## Your instructions
Repeat the listing exactly. Do not carry over any pictures.

##### Collected material

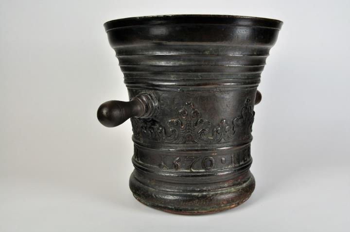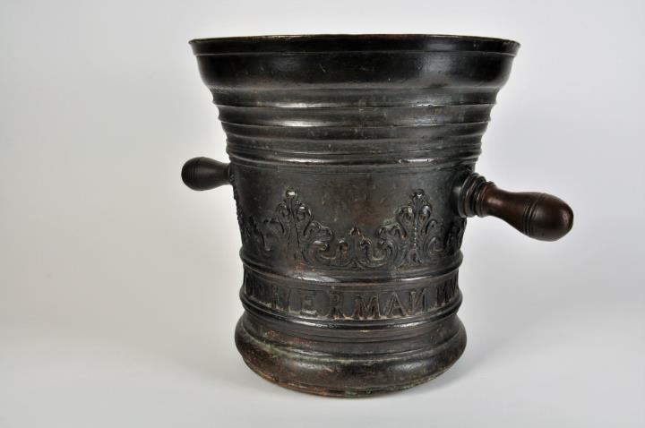 Schwerer Mörser, ausgebogener Mündungsrand, mit Inschrift "1670 HERMANNUS BULLINGEN" als Band am unteren Rand. In der Mitte rundum dekorative Verzierungen. Zwei massive Griffe. Der Mörsers weist strake Gebrauchspuren auf. Stößel mit Öse zum Einhägen an einer Stange (Schwungstange) mit Seil und Hacken, diente zur Arbeitserleichterung. War bis zum Jahre 1980 in der Stoßkammer der Stadtapotheke in Verwendung.
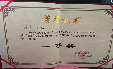 在內江婦聯組織的2018年“四季風采麗人行—夏之美”暨“忠心向黨.清溪家鄉”主題演講比賽中,我司推薦的選手徐昊代表國資委參賽,獲得一等獎。
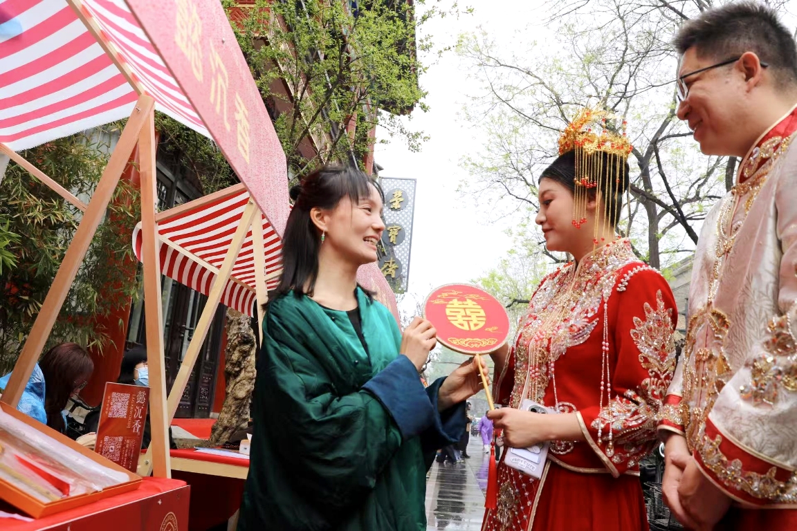 活动现场,“椿庭囍市——2026年甜蜜经济市集”热闹开市,汇聚菜百首饰、荣宝斋等50家企业,涵盖婚纱、婚俗、非遗体验等五大品类,设置集章打卡、互动游戏等多元环节,传统婚俗文化与现代潮流碰撞交融。

##########

## Solution to the exercise
 Schwerer Mörser, ausgebogener Mündungsrand, mit Inschrift "1670 HERMANNUS BULLINGEN" als Band am unteren Rand. In der Mitte rundum dekorative Verzierungen. Zwei massive Griffe. Der Mörsers weist strake Gebrauchspuren auf. Stößel mit Öse zum Einhägen an einer Stange (Schwungstange) mit Seil und Hacken, diente zur Arbeitserleichterung. War bis zum Jahre 1980 in der Stoßkammer der Stadtapotheke in Verwendung.
 在內江婦聯組織的2018年“四季風采麗人行—夏之美”暨“忠心向黨.清溪家鄉”主題演講比賽中,我司推薦的選手徐昊代表國資委參賽,獲得一等獎。
 活动现场,“椿庭囍市——2026年甜蜜经济市集”热闹开市,汇聚菜百首饰、荣宝斋等50家企业,涵盖婚纱、婚俗、非遗体验等五大品类,设置集章打卡、互动游戏等多元环节,传统婚俗文化与现代潮流碰撞交融。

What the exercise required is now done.